Q#5:  I am 51 years old. The upper half of my ribcage on the right side sticks out further than the other  side. I can actually look down at my sternum, and the right hand side of my  chest, where the ribs attach to the sternum, is about 1/2 inch higher than the  left side. I am extremely flat-chested so this is very noticeable. When I stand  with my left-side facing the mirror, I can actually see the right-hand side of  my upper ribcage, and the actual breast, sticking out further than my left  side. Then, to make it worse, my lower left ribs protrude further out. I am very  athletic, and in extremely good, muscular shape. I also work on my posture and  know that I have now "twist"  to my torso. I also do not have scoliosis.  This imbalance is visible when I am lying flat on my back as  well. Can anything be done about this protrusion at the sternum level? --- June (12/21/05)

A: The the asymmetry you describe is often a matter of degree. Nearly all people have this to some level, it may just be more pronounced in your case. To make certain your spine is straight: test it by bending over and have someone look at your upper back area seen from the front and see if one side is higher than the other. If so, there may be scoliosis, and you should discuss your options with your physician. If not, the ribcage asymmetry can certainly be helped with corseting.  Ironically, scoliosis treatment in certain cases includes bracing, which is a form of corseting. The tightness
level is at the same level as for figure training with tightlacing, the intent for both being body modification.
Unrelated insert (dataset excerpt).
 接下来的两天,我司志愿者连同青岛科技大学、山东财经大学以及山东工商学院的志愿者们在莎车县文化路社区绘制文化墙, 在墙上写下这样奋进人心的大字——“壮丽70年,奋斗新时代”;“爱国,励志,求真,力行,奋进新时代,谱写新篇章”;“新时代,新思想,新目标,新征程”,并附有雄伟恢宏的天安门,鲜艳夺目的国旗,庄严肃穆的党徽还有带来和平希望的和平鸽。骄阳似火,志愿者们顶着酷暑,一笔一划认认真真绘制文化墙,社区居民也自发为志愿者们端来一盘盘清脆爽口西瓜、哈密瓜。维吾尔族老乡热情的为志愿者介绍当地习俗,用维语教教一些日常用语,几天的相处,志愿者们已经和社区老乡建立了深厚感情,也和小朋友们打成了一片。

Assuming for the moment that there is no scoliosis as you suggest, your ribcage can be modified with corset training. Keep in mind however that figure training can effectively  shape the ribcage from the 7th rib pairs down. There is an indirect effect on the upper ribs and sternum, which tend to be lifted and expanded as the lower chest and waist
become more constricted. In your case this may either improve or worsen the issue.
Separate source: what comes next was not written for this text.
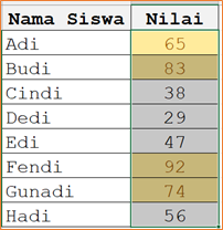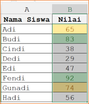 Gambar  20. Tabel nilai siswa dengan conditional formatting – highlight cell Rule

Because of this, I would recommend to consider a custom measured over-the-bust corset. I would advise against an hourglass style as this would not significantly train your lower ribcage. Although straight-line chest models, or funnel-shaped chest styles are more challenging to get used to, because of the added ribcage constriction I would expect they would have the most potential to  improve your situation.